• [Supplied material]
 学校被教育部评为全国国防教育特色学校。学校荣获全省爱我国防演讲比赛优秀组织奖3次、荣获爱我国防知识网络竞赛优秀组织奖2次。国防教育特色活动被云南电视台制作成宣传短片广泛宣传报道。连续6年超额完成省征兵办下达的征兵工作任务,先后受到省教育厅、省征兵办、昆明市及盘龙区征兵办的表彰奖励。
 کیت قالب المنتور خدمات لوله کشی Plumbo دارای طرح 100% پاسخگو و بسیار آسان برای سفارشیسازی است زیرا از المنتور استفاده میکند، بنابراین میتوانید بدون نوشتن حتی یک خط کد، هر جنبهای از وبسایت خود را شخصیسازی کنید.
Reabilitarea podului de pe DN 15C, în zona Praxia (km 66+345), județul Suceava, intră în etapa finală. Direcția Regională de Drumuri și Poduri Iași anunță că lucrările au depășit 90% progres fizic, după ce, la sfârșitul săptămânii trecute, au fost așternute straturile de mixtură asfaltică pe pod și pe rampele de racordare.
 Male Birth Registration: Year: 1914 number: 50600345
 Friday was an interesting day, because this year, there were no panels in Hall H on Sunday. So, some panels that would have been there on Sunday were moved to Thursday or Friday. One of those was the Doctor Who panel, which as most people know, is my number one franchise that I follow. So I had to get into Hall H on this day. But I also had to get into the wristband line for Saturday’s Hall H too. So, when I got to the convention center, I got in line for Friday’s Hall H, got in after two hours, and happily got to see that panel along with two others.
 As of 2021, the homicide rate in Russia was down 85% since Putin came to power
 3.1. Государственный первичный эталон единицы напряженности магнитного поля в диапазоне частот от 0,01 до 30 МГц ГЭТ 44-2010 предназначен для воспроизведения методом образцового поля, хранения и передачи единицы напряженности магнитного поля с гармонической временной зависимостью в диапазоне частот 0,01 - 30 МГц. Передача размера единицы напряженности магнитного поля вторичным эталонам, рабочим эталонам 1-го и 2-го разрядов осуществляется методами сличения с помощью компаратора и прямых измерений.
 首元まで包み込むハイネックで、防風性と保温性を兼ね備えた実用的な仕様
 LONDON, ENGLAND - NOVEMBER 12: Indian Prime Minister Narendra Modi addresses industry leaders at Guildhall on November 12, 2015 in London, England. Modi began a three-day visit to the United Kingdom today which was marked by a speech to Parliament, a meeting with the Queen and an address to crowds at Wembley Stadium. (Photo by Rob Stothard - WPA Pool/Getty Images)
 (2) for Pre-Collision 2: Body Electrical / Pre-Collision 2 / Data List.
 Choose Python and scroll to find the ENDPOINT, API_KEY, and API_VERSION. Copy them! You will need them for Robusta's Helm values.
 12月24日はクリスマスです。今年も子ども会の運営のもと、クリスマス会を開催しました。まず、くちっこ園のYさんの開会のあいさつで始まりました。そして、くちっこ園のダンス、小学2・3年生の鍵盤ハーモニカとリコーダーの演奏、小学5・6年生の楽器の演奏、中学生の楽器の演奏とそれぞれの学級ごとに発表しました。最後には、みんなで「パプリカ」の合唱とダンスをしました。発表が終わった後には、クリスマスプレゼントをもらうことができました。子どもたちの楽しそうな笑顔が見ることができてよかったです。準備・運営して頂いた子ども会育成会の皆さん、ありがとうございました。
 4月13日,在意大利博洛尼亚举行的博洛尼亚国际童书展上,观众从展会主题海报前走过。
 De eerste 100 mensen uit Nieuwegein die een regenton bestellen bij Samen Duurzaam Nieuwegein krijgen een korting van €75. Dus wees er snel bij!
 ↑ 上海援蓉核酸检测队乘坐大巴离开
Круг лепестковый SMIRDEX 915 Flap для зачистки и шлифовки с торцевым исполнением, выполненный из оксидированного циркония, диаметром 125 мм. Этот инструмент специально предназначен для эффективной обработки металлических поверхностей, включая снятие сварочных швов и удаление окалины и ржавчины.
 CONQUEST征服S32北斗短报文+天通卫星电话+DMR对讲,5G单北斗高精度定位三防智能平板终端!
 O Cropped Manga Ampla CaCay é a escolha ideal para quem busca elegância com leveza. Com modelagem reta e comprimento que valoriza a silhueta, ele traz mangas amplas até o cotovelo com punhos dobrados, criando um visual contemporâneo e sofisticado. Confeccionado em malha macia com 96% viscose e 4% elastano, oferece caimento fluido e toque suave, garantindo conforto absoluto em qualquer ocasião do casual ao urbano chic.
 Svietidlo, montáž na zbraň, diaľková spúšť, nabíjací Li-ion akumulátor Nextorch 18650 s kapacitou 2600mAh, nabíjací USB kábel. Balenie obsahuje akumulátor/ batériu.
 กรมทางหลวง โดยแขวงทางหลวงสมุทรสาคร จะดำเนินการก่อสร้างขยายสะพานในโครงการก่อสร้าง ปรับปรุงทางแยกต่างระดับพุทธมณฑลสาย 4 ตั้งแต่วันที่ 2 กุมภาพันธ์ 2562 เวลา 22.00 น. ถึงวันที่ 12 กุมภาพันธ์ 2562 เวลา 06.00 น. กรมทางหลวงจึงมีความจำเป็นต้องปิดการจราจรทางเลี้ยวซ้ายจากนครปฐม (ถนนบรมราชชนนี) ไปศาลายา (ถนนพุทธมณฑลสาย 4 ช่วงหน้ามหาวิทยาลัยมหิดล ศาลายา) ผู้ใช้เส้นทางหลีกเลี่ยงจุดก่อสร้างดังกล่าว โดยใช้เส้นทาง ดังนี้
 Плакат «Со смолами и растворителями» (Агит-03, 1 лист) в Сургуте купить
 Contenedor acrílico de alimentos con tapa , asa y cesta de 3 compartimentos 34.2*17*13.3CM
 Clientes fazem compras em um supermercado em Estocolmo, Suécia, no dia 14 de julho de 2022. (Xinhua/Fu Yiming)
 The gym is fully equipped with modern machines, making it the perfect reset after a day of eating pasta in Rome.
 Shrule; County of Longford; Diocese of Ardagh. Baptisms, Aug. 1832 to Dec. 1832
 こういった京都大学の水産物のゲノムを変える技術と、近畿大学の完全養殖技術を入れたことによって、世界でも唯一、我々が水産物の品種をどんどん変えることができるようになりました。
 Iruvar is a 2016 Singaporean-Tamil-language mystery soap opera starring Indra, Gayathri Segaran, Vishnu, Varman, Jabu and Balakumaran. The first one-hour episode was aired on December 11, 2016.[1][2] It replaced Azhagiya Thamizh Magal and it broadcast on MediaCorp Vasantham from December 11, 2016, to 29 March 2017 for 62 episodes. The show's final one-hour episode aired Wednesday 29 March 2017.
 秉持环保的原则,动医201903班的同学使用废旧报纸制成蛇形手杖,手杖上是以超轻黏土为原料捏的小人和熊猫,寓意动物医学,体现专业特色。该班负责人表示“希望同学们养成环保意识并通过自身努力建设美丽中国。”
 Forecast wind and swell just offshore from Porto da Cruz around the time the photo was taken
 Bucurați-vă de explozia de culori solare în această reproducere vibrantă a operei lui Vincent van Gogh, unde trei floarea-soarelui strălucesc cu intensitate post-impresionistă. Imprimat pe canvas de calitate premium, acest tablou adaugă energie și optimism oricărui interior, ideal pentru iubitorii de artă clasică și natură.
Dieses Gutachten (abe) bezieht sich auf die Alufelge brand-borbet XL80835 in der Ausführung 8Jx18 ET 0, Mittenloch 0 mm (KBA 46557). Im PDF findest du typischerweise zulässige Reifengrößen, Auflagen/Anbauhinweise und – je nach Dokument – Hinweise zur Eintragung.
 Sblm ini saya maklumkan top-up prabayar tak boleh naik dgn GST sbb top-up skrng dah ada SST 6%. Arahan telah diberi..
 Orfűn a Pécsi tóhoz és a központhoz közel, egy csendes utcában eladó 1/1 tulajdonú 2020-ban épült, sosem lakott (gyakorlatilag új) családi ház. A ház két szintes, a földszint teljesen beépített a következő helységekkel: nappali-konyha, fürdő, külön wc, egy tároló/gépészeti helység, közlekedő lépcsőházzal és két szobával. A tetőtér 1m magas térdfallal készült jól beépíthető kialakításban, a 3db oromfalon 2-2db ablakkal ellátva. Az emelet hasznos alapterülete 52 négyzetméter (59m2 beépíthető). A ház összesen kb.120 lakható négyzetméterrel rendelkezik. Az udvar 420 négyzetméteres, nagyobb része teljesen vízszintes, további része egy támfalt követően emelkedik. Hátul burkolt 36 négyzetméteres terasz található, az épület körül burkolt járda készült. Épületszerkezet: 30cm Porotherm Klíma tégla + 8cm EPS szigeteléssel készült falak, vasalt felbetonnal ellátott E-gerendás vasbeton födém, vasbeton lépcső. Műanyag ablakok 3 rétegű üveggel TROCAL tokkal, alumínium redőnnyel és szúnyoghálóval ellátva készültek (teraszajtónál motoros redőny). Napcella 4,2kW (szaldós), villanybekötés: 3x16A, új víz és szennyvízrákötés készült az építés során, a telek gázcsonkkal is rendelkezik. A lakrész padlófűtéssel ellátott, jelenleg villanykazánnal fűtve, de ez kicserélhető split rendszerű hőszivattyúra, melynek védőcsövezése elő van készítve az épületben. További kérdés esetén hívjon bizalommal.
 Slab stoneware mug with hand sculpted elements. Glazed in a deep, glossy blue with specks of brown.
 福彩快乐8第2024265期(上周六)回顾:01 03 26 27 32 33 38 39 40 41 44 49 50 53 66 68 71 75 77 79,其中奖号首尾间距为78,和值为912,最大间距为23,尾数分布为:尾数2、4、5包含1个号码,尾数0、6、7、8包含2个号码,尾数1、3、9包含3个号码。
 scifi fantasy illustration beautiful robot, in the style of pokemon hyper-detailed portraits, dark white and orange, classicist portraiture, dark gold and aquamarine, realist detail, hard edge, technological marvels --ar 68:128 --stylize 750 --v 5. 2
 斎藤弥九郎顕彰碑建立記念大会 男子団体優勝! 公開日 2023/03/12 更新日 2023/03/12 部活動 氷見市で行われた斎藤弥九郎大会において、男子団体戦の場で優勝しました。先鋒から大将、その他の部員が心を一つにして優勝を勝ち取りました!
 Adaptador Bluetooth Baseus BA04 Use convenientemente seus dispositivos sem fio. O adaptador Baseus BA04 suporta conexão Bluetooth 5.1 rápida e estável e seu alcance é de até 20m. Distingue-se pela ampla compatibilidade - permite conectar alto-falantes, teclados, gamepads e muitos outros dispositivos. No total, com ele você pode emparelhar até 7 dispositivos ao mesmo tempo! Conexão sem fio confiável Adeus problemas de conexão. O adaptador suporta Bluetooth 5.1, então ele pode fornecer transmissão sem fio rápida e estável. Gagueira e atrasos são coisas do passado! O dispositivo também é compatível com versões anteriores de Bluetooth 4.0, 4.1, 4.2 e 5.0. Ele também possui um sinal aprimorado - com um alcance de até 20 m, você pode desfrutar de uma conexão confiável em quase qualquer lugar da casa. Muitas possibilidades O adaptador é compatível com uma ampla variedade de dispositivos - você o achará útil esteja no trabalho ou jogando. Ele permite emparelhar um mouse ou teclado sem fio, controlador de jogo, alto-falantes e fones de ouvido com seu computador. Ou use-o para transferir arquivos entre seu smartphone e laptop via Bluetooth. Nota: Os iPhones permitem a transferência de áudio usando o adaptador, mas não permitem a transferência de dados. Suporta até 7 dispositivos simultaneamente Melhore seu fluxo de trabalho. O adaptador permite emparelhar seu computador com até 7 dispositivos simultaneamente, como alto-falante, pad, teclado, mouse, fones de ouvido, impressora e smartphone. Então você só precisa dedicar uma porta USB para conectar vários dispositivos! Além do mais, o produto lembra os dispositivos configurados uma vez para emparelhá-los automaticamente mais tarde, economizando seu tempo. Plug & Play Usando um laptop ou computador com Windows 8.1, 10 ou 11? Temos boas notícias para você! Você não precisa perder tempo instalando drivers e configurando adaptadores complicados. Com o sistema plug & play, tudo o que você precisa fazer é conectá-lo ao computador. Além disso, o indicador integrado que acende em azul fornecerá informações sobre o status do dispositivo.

• [Your objective] Taking the entries above, write out exactly each line from the one holding "4月13日,在意大利博洛尼亚" to the one holding "Shrule; County of", both included, and stop there.

• [Result]
 4月13日,在意大利博洛尼亚举行的博洛尼亚国际童书展上,观众从展会主题海报前走过。
 De eerste 100 mensen uit Nieuwegein die een regenton bestellen bij Samen Duurzaam Nieuwegein krijgen een korting van €75. Dus wees er snel bij!
 ↑ 上海援蓉核酸检测队乘坐大巴离开
Круг лепестковый SMIRDEX 915 Flap для зачистки и шлифовки с торцевым исполнением, выполненный из оксидированного циркония, диаметром 125 мм. Этот инструмент специально предназначен для эффективной обработки металлических поверхностей, включая снятие сварочных швов и удаление окалины и ржавчины.
 CONQUEST征服S32北斗短报文+天通卫星电话+DMR对讲,5G单北斗高精度定位三防智能平板终端!
 O Cropped Manga Ampla CaCay é a escolha ideal para quem busca elegância com leveza. Com modelagem reta e comprimento que valoriza a silhueta, ele traz mangas amplas até o cotovelo com punhos dobrados, criando um visual contemporâneo e sofisticado. Confeccionado em malha macia com 96% viscose e 4% elastano, oferece caimento fluido e toque suave, garantindo conforto absoluto em qualquer ocasião do casual ao urbano chic.
 Svietidlo, montáž na zbraň, diaľková spúšť, nabíjací Li-ion akumulátor Nextorch 18650 s kapacitou 2600mAh, nabíjací USB kábel. Balenie obsahuje akumulátor/ batériu.
 กรมทางหลวง โดยแขวงทางหลวงสมุทรสาคร จะดำเนินการก่อสร้างขยายสะพานในโครงการก่อสร้าง ปรับปรุงทางแยกต่างระดับพุทธมณฑลสาย 4 ตั้งแต่วันที่ 2 กุมภาพันธ์ 2562 เวลา 22.00 น. ถึงวันที่ 12 กุมภาพันธ์ 2562 เวลา 06.00 น. กรมทางหลวงจึงมีความจำเป็นต้องปิดการจราจรทางเลี้ยวซ้ายจากนครปฐม (ถนนบรมราชชนนี) ไปศาลายา (ถนนพุทธมณฑลสาย 4 ช่วงหน้ามหาวิทยาลัยมหิดล ศาลายา) ผู้ใช้เส้นทางหลีกเลี่ยงจุดก่อสร้างดังกล่าว โดยใช้เส้นทาง ดังนี้
 Плакат «Со смолами и растворителями» (Агит-03, 1 лист) в Сургуте купить
 Contenedor acrílico de alimentos con tapa , asa y cesta de 3 compartimentos 34.2*17*13.3CM
 Clientes fazem compras em um supermercado em Estocolmo, Suécia, no dia 14 de julho de 2022. (Xinhua/Fu Yiming)
 The gym is fully equipped with modern machines, making it the perfect reset after a day of eating pasta in Rome.
 Shrule; County of Longford; Diocese of Ardagh. Baptisms, Aug. 1832 to Dec. 1832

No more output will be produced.